Addressing the opening of the 70th Caribbean Public Health Agency (CARPHA) Annual Health Research Conference at the Arthur Chung Conference Centre (ACCC) on Wednesday, President Ali said the region is rich in innovative health ideas but held back by weak regulation, financing gaps, workforce shortages and low trust in institutions.

The three-day conference, themed “Innovations in Health,” marks 70 years since CARPHA’s flagship research gathering was held in 1956. It is the longest health research conference in the English-speaking Caribbean.

President Ali said that in today’s world, health innovation depends less on laboratories and more on the strength of health ministries, procurement systems, rural clinics and community settings, and urged governments to invest in these foundations so that research and new technologies can be scaled into population‑wide programmes.

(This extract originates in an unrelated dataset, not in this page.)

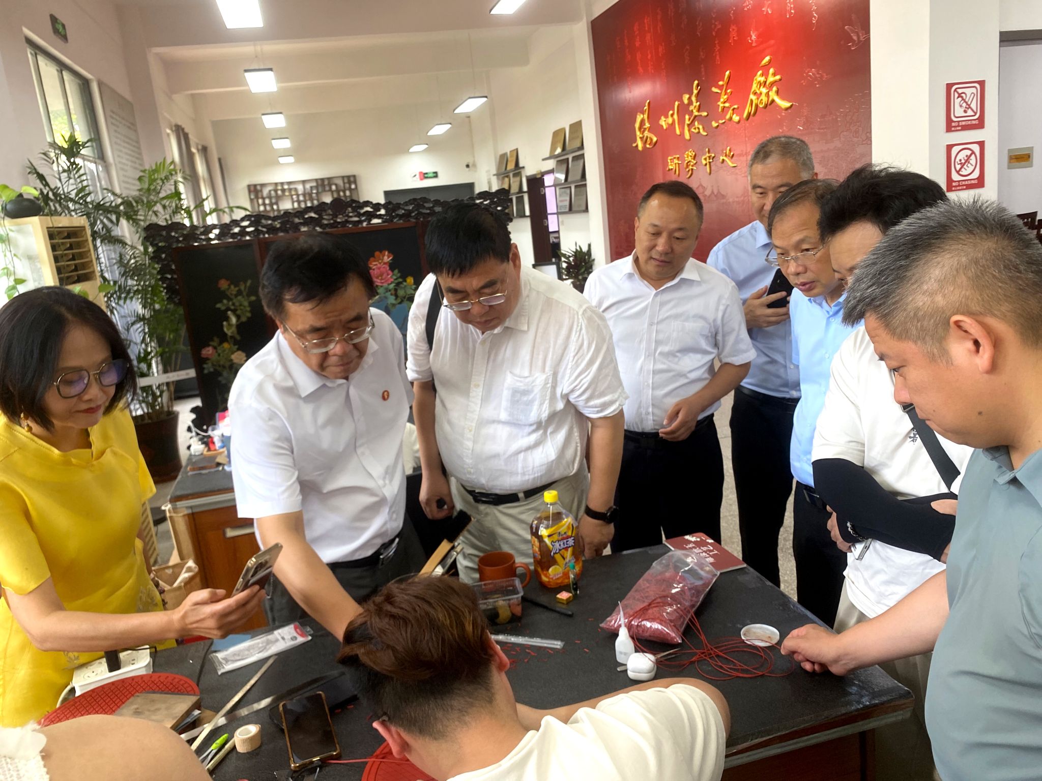 在扬州非遗珍宝馆,调研组参观了馆内的中国印刷博物馆广陵分馆、中国玉器博物馆、中国剪纸博物馆、漆器珍宝馆等,深入了解非遗珍宝馆建设方案和运行模式。

“We should be sharing, building common platforms, building common systems. That is what we should be doing as a region,” the president said.

He called on the conference to produce a document for heads of government outlining how the Caribbean can become a recognised pilot site for new health technologies and research.

“With the political will, we can fix this in a day. The models are all there. We can gather all of the best lawyers in the region, parliamentary councils, and match them with regulators and come up with one master legislation that the region can implement as a whole.”

President Ali outlined 10 interlocking challenges that, he said, define the global struggle to ensure innovation truly serves health equity, including scaling pilots into national systems, bridging the digital divide, modernising regulation, correcting inequalities in research funding, stabilising health financing, and closing the human capital gap in the sector.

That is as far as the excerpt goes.